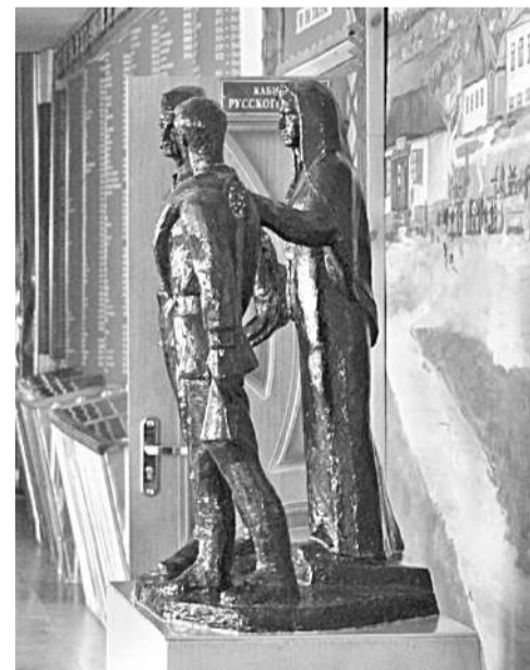
Школьный музей Великой Отечественной войны

Уверена в том, что в школе всегда ведущей и главной должна быть функция воспитания, ответственности за формирование человеческой личности. В детях необходимо формировать нравственные принципы, делая это незаметно и каждодневно. В нашей школе детей и педагогов связывают
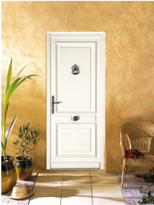
Portes d'entrée Valence
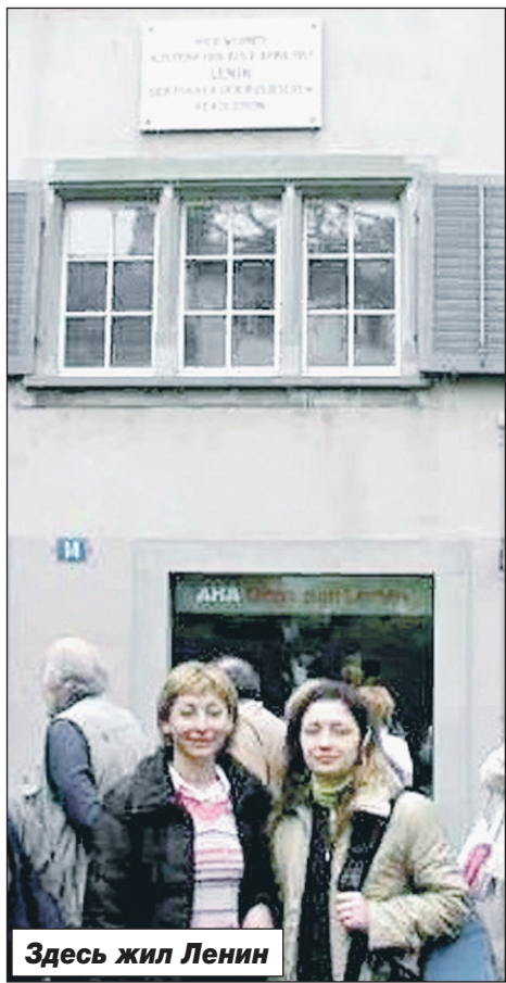
Здесь жил Ленин
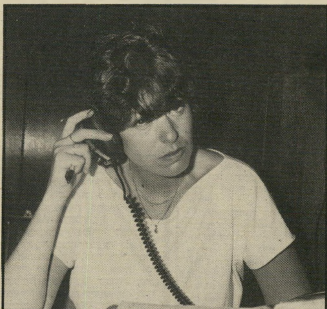
המקליטה במקום גבר
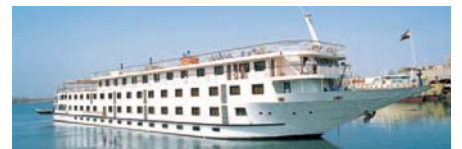
Unser Nasserseeschiff MS Nubian Sea

Komm mit auf eine einzigartige Reise durch Ägypten, die gleichzeitig eine Reise zu dir selbst ist. Fließe mit uns die Wasser des Nils entlang durch deine Chakren den Djed hinunter von der Krone zur Wurzel.
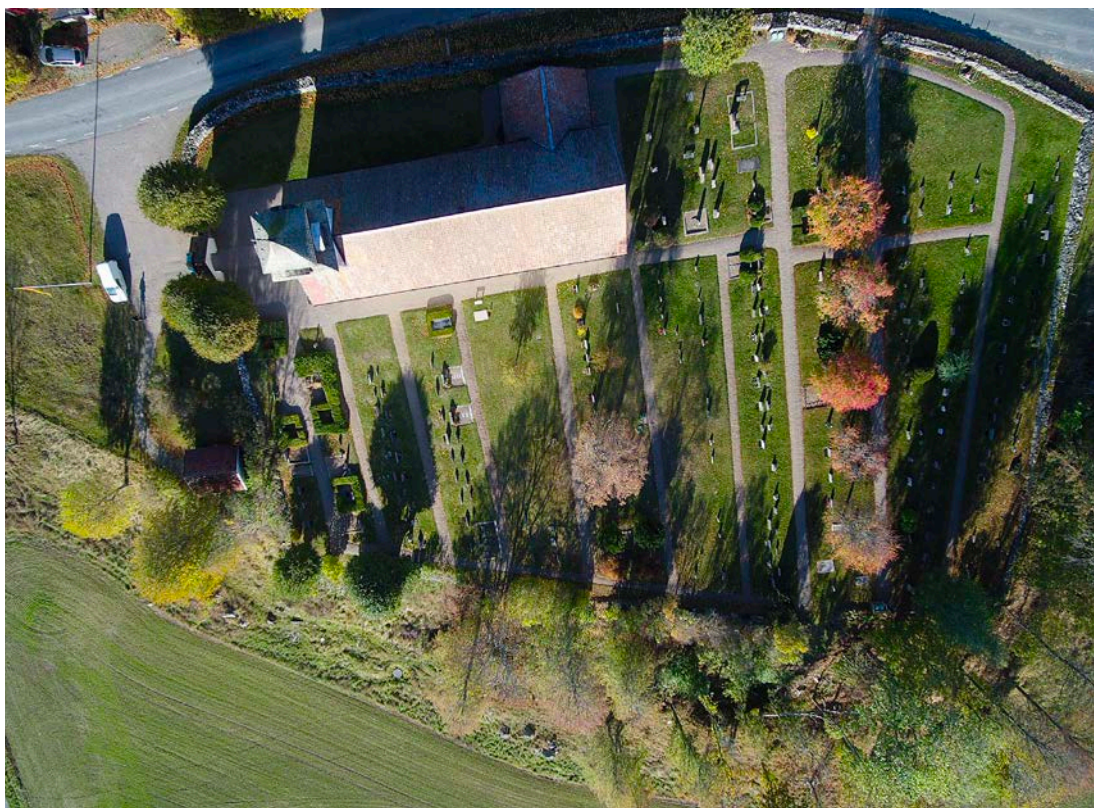
Bild 1. Drönar fotografi taget hösten 2021.

=-=-=-=-=

WHAT THIS TASK INVOLVES
Each entry must be set down word for word; no image may be carried over.

WORKED SOLUTION
Школьный музей Великой Отечественной войны

Уверена в том, что в школе всегда ведущей и главной должна быть функция воспитания, ответственности за формирование человеческой личности. В детях необходимо формировать нравственные принципы, делая это незаметно и каждодневно. В нашей школе детей и педагогов связывают
Portes d'entrée Valence
Здесь жил Ленин
המקליטה במקום גבר
Unser Nasserseeschiff MS Nubian Sea

Komm mit auf eine einzigartige Reise durch Ägypten, die gleichzeitig eine Reise zu dir selbst ist. Fließe mit uns die Wasser des Nils entlang durch deine Chakren den Djed hinunter von der Krone zur Wurzel.
Bild 1. Drönar fotografi taget hösten 2021.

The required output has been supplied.